» Problem to work on: Output the data below only from the line containing "March 3, 2007: Eugene" up to and including the line containing "Електрическа клонотрошачка с", exact and with the pictures left out.

» Supplied material:
:::

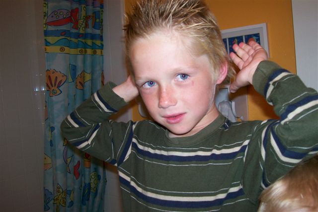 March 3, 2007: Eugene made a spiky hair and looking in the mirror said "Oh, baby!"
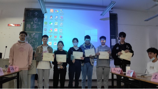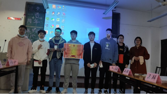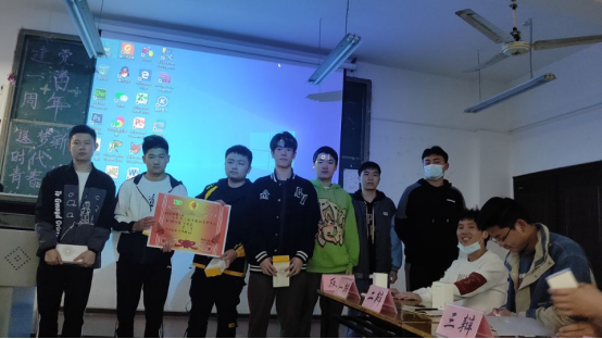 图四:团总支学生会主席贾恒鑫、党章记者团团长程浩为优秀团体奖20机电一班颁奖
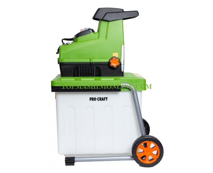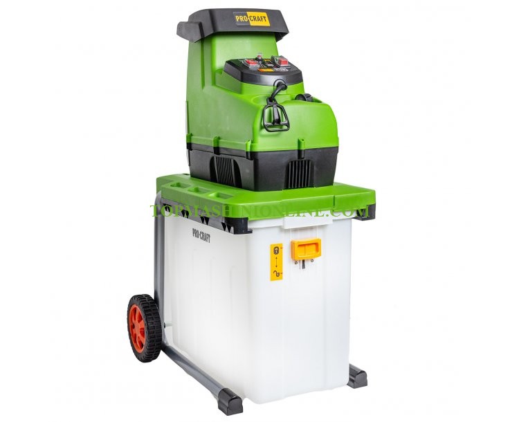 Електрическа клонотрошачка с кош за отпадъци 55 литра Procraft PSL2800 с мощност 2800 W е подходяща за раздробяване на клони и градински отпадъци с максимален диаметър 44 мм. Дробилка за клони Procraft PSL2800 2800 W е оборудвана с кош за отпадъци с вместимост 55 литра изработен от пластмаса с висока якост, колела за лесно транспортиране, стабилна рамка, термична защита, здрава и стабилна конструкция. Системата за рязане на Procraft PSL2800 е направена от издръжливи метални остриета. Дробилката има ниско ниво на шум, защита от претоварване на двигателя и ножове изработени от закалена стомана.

:::

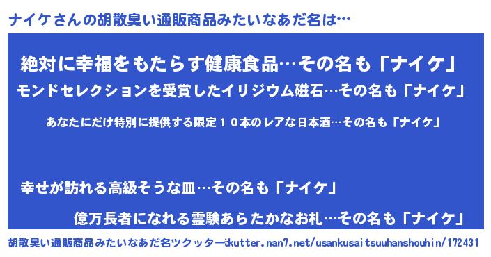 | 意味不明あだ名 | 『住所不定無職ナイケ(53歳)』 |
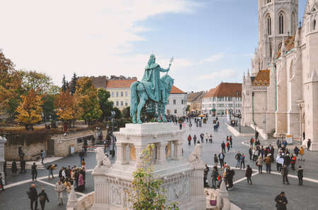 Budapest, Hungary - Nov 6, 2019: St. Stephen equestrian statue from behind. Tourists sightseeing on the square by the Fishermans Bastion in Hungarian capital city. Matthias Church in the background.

:::

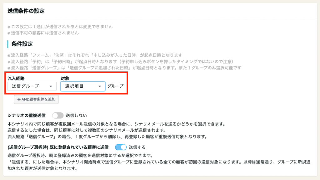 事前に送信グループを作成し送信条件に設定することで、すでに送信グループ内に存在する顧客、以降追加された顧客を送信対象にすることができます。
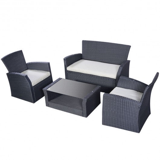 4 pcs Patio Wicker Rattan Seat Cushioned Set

:::

» Exercise answer:
 March 3, 2007: Eugene made a spiky hair and looking in the mirror said "Oh, baby!"
 图四:团总支学生会主席贾恒鑫、党章记者团团长程浩为优秀团体奖20机电一班颁奖
 Електрическа клонотрошачка с кош за отпадъци 55 литра Procraft PSL2800 с мощност 2800 W е подходяща за раздробяване на клони и градински отпадъци с максимален диаметър 44 мм. Дробилка за клони Procraft PSL2800 2800 W е оборудвана с кош за отпадъци с вместимост 55 литра изработен от пластмаса с висока якост, колела за лесно транспортиране, стабилна рамка, термична защита, здрава и стабилна конструкция. Системата за рязане на Procraft PSL2800 е направена от издръжливи метални остриета. Дробилката има ниско ниво на шум, защита от претоварване на двигателя и ножове изработени от закалена стомана.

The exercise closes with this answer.